Она задыхалась, кровь прилила к лицу. Слуги стояли в почтении, но и на них наползала краска и тоска: во-первых, от неслыханных размеров чаевых, во-вторых, от всей невероятной и непонятной ситуации.
Дирти молча сидела на стуле. Долгая пауза: можно было уловить стук сердец в наших телах. Я двинулся к двери, с лицом, испачканным кровью, бледный и больной; я икал, готов был сблевать. Слуги с ужасом заметили струйку, стекавшую вдоль стула и по ногам их прелестной собеседницы: моча образовала все увеличивавшуюся лужу на ковре, под платьем девушки, пунцовой, извивающейся на стуле, как свинья под ножом, раздался тяжкий звук освобождаемого желудка…
Горничная, дрожа от отвращения, была вынуждена обмыть Дирти; к той, казалось, вернулось спокойствие и радость. Она позволила себя намыливать и вытирать; лифтер проветривал комнату, пока запах не исчез.
Потом, чтобы остановить кровь из раны, он перевязал мне руку.
И снова все стало в порядке: горничная кончила перестилать белье. Дирти, прекрасная, как никогда, вымытая и надушенная, продолжала пить, лежа на постели. Она приказала лифтеру сесть. Тот сел рядышком, в кресло. Теперь хмель заставлял ее дурачиться, как девочку.
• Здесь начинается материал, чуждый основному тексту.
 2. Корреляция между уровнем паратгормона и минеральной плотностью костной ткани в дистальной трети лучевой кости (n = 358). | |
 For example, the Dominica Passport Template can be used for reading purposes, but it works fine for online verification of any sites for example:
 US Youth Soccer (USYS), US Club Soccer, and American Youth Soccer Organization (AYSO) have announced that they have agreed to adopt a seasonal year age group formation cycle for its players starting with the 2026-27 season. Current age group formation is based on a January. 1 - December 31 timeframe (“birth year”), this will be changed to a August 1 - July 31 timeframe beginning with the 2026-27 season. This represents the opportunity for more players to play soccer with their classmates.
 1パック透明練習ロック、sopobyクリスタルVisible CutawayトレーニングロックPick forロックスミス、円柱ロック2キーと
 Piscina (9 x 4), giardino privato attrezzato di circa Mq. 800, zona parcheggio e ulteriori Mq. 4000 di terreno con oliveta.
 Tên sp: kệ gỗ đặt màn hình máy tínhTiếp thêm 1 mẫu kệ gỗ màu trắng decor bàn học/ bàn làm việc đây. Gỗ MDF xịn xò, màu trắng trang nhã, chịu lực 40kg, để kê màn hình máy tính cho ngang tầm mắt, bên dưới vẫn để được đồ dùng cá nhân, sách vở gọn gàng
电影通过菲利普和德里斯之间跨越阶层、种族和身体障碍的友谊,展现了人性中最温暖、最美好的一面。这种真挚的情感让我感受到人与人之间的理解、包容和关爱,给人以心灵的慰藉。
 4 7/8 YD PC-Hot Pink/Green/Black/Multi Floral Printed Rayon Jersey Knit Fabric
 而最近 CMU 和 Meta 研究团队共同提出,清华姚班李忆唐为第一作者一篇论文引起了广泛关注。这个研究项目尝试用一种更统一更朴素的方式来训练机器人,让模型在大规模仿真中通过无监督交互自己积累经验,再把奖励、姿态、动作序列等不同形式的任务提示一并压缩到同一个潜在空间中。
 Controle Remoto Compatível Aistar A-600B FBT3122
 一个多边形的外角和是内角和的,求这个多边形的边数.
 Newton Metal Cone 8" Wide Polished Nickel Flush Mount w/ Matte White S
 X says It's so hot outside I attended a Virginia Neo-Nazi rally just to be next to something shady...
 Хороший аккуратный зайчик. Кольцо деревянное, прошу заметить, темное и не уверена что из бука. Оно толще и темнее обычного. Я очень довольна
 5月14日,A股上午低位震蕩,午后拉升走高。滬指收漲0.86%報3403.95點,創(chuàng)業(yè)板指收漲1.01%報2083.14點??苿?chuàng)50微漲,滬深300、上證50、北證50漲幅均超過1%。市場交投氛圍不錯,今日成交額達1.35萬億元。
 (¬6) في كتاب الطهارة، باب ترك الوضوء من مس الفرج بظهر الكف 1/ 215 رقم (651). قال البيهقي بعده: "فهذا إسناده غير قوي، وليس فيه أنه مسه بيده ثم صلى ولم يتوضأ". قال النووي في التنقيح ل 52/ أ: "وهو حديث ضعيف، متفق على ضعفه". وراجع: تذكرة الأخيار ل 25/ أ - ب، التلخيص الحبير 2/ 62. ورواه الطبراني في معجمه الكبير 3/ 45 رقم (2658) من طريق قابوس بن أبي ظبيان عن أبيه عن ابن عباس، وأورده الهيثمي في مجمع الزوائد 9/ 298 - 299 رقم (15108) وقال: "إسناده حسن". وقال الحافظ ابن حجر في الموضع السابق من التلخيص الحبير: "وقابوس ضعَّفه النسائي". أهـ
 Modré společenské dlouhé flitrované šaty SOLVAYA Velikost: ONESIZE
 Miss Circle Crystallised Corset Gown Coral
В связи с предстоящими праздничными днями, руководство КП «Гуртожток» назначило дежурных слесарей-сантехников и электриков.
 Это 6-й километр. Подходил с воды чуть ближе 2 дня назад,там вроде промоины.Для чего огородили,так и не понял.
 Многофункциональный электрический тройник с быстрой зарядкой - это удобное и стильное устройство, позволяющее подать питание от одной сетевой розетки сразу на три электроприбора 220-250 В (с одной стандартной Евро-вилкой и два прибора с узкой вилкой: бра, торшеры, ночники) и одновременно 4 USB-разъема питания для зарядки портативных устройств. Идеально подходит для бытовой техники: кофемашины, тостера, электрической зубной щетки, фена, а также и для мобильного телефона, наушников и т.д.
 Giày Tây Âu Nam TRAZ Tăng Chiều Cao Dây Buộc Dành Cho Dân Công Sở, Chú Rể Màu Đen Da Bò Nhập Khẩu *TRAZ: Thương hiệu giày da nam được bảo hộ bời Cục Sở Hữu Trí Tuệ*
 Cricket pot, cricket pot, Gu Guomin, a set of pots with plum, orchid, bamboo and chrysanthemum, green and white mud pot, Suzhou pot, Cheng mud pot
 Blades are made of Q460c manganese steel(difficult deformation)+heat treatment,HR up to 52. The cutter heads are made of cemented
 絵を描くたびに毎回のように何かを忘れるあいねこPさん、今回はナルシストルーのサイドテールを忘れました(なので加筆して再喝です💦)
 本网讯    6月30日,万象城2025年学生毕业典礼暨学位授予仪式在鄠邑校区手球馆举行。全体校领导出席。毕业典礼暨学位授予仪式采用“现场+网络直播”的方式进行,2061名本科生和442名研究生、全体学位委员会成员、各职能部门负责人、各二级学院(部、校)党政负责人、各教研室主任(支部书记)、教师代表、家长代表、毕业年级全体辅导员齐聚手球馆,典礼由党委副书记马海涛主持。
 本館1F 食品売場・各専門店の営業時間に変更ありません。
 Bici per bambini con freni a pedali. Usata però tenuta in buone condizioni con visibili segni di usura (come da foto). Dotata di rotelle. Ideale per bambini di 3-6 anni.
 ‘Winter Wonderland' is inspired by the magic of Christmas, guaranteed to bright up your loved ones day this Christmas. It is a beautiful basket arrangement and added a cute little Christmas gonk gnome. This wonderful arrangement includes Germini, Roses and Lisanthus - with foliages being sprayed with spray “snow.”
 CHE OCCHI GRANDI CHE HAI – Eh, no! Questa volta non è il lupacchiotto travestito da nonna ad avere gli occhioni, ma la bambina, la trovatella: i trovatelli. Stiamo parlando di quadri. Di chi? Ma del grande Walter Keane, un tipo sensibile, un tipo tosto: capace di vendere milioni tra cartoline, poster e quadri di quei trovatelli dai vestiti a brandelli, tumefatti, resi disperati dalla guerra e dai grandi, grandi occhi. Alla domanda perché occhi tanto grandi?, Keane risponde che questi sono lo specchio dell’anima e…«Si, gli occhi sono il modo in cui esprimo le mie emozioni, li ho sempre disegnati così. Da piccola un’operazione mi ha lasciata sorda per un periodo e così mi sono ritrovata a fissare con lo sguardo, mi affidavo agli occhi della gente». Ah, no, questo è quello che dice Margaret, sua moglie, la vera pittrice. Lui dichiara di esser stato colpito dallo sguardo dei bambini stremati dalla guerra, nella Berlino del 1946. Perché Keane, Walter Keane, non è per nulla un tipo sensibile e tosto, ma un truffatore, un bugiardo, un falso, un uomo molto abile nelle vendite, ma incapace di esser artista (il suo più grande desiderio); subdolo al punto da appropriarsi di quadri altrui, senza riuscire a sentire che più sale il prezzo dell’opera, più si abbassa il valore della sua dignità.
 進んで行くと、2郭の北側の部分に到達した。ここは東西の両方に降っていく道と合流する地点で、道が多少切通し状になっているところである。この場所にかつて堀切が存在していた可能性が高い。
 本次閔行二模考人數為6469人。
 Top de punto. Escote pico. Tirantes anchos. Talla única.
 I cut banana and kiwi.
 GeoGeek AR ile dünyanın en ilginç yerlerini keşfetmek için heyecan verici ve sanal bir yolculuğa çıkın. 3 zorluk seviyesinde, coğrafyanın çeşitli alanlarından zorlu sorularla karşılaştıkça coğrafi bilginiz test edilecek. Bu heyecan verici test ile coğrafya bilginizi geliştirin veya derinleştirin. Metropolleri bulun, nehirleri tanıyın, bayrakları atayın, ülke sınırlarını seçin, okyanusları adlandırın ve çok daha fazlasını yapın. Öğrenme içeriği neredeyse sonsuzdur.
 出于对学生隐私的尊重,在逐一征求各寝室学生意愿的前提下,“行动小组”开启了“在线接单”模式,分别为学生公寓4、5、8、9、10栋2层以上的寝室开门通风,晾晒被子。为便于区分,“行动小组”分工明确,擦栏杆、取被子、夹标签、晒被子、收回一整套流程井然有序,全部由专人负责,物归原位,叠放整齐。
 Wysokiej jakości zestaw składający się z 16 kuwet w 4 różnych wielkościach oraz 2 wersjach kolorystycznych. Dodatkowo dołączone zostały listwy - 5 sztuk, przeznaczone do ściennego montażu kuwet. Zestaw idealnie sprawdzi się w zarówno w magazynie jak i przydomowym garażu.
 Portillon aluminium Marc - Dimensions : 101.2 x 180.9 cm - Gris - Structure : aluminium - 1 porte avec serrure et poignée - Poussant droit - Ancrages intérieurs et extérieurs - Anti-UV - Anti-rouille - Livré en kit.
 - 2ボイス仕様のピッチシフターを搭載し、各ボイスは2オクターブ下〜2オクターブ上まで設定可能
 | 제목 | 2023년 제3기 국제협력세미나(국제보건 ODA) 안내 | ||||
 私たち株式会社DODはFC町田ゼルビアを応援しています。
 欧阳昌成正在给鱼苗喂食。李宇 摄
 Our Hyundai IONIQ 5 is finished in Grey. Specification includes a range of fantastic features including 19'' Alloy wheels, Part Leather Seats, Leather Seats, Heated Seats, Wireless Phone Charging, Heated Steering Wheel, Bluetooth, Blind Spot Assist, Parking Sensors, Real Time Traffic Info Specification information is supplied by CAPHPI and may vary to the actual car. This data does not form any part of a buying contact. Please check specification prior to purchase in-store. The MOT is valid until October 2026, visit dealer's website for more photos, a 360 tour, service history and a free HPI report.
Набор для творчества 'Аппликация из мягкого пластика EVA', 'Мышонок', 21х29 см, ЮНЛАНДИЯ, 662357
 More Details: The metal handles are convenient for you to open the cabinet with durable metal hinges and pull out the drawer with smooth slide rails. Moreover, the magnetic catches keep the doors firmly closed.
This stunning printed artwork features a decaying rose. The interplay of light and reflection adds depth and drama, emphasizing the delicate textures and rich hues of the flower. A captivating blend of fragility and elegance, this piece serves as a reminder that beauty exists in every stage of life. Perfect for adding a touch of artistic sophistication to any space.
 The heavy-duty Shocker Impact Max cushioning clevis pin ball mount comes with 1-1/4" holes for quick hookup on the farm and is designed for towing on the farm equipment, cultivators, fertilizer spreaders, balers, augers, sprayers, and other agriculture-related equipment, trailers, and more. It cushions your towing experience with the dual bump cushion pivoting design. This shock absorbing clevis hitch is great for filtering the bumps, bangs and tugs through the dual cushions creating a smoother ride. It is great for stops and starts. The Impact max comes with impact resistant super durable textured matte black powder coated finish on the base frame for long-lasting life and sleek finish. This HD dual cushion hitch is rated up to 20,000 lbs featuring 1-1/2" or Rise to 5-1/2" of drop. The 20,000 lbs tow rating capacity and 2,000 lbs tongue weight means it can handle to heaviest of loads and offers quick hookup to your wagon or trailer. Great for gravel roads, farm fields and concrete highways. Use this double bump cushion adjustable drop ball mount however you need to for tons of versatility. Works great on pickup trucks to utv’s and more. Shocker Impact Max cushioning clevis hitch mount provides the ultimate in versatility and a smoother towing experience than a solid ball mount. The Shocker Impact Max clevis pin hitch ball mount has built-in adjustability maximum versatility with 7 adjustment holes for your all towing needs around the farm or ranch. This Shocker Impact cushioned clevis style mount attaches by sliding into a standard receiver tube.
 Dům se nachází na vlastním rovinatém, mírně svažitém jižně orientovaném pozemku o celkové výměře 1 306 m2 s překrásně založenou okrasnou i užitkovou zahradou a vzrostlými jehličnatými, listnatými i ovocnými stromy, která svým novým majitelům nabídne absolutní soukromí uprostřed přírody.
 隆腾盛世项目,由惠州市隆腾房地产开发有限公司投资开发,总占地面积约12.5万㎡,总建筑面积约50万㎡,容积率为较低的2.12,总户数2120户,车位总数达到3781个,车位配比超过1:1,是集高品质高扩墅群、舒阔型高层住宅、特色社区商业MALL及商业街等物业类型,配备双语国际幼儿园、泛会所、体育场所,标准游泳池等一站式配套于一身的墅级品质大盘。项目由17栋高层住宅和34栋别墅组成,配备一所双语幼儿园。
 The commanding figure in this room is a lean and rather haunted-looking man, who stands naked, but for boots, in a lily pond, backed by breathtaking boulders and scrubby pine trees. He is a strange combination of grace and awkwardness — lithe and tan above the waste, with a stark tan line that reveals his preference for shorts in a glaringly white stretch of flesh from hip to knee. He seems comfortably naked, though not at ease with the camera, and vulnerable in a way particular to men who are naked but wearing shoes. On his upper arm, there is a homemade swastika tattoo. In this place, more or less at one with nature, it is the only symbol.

Даже когда она ничего не говорила, она казалась игривой.
Иногда она хохотала.
— Ну, расскажите, — обратилась она наконец к лифтеру. — С тех пор, как вы служите в «Савое», вам, должно быть, доводилось видеть всякие мерзости.
— О, не так чтобы много, — ответил он, без конца прихлебывая виски; напиток, кажется, встряхнул его и привел в хорошее расположение духа. — В общем, здесь клиенты очень корректные.
— Ну, корректными можно ведь быть по-разному: вот, скажем, моя покойная маменька, которая расквасила себе рожу перед вами и наблевала вам на рукава…
И Дирти разразилась пронзительным смехом, куда-то в пустоту, без всякого отклика. Она продолжала:
— А знаете, почему все они корректные? Они трусят, ясно? У них зубы стучат, вот почему они не смеют выступать. Я это знаю, я ведь тоже боюсь, ну да, мой мальчик… даже вас. От страха я готова околеть…
— Не желает ли мадам выпить водички? — робко спросила горничная.
— Поди к черту! — грубо ответила Дирти, показывая язык. — Я больна, понимаешь? И у меня в башке что-то не так.
И добавила:
— Вам на это насрать, но у меня это уже вот где, понятно?
Нежным жестом я постарался ее успокоить.